In their more than a decade long fight to develop a large wind farm off the coast of Cape Cod Massachusetts, the proponents of the Cape Wind project have faced obstacles all too familiar to Alaskans. Permitting delays and potential litigation, as well as federal statutes and regulations, have led to cost increases and put ultimate construction of the project in jeopardy. In this, the Cape Wind proponents share a lot with the likes of Shell and ConocoPhillips in the OCS and NPR-A; or with Teck and NANA’s expansion of the Red Dog mine. The simple fact is that the current permitting environment challenges all forms of resource development. In these challenges I see an opportunity and believe that we must move beyond the renewable versus non-renewable debate to focus on the development of all of Alaska’s resources.

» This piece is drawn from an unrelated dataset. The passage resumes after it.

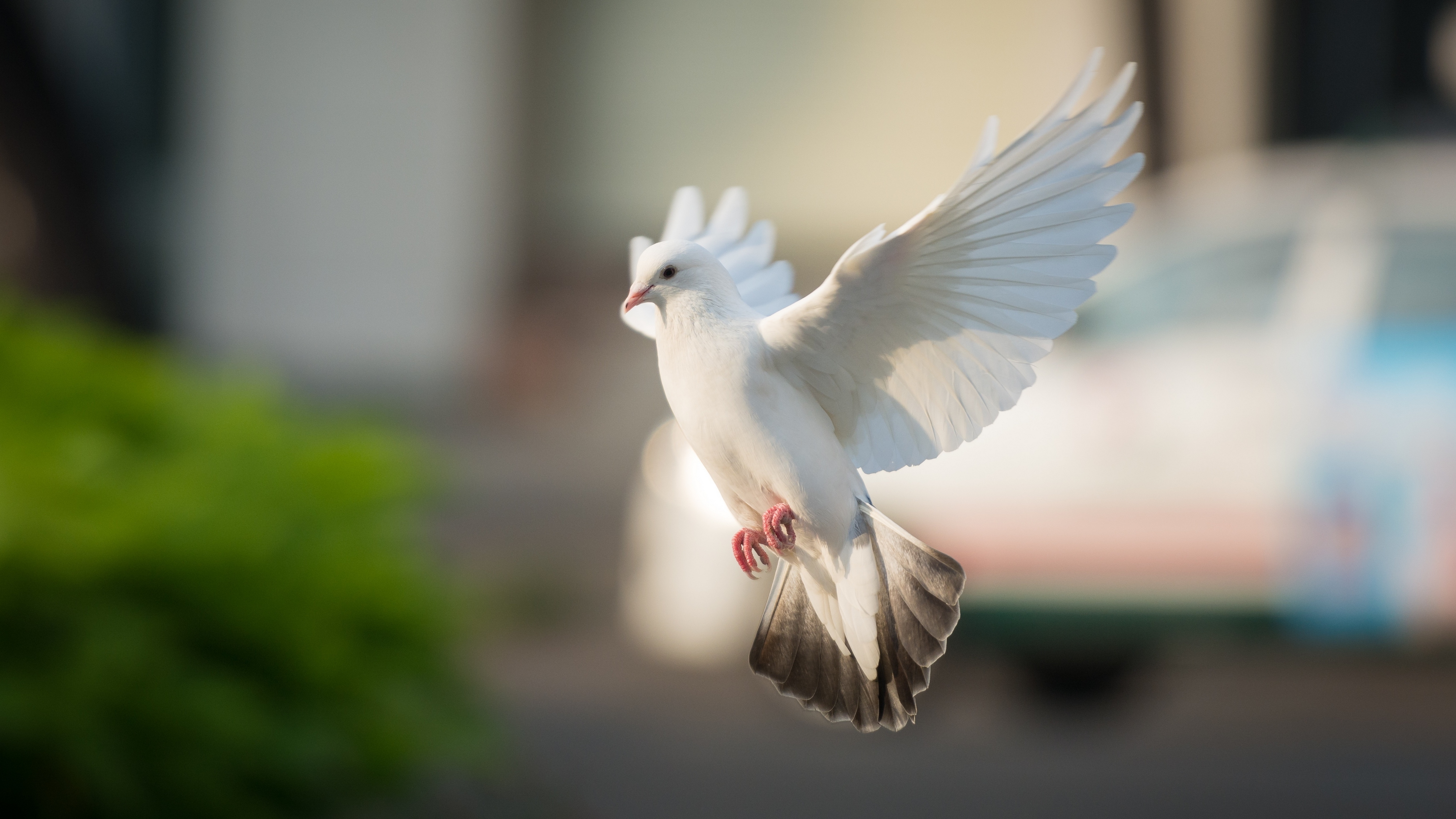 Description: A white bird flying over a street next to a car and a building with a red stripe on it.

During the last session of the Legislature, we took several steps toward securing a sustainable and stable energy future for Alaska. For instance, my Senate Bill 309 made changes to the corporate income tax system to incentivize gas exploration in the Cook Inlet. It also made revisions to Alaska’s production tax system (ACES) and created a new incentive for offshore exploration in the Inlet. But in a session dominated by the big energy bills, legislation like Senate Bill 309, Representative Hawker’s Cook Inlet Recovery Act (HB 280) and those I sponsored on the regulation of renewable energy projects (SB 277 & 243) did not receive as thorough coverage in the Alaska media because their material provisions do not fit well onto bumper stickers. This is because each bill addresses aspects of the regulatory system and bills that deal with the regulatory system are inherently as complex as the issues they attempt to unravel. But all of these bills were passed by the Legislature and signed into law by the Governor; demonstrating that we can build a consensus which furthers resource development.
We can move forward by realizing that the central tension at the root of much of the regulatory debate is over different interpretations of the public interest. The truly insightful aspect Representative Hawker brought to the table in his Cook Inlet Recovery Act is in section 6, which directs the Department of Law to essentially consider the cost of doing nothing when deciding to intervene in the approval of a natural gas supply contract. HB 280 recognized that quibbling over price while supply evaporates is not in the public interest.
My Senate Bill 277 approached the development of renewable energy in a similar manner by removing the regulatory commission from the free commercial negotiation between a regulated utility and renewable energy power producer. SB 277 recognized that the current regulatory process in Alaska was duplicative and added substantial delay to projects (which ultimately increases the cost to ratepayers) while offering little incremental benefit to the consumer. Senate Bill 309 waived interest penalties on the underpayment of taxes under ACES due to a change in the regulations. Senate Bill 309 recognized that penalizing businesses that acted in good faith because the state changed the rules is ridiculous.
In their attempts to reform the upstream regulatory system, HB 280, SB 277, and SB 309 attacked analogous problems in order to spur either renewable or non-renewable resource development. Behind each policy change is the promise of hundreds of millions of dollars in private sector investment and good jobs for Alaskans.
My hope is that the resource development community will come together and move beyond any lingering debate around renewable or non-renewable resources to focus on regulatory reform that benefits all forms of resource development. The current local and national interest in transitioning to a “new” economy offers not only opportunities for innovation and sustainable development; but the chance to fundamentally recast the debate over regulatory reform and resource development for the maximum benefit of Alaskans, and our nation.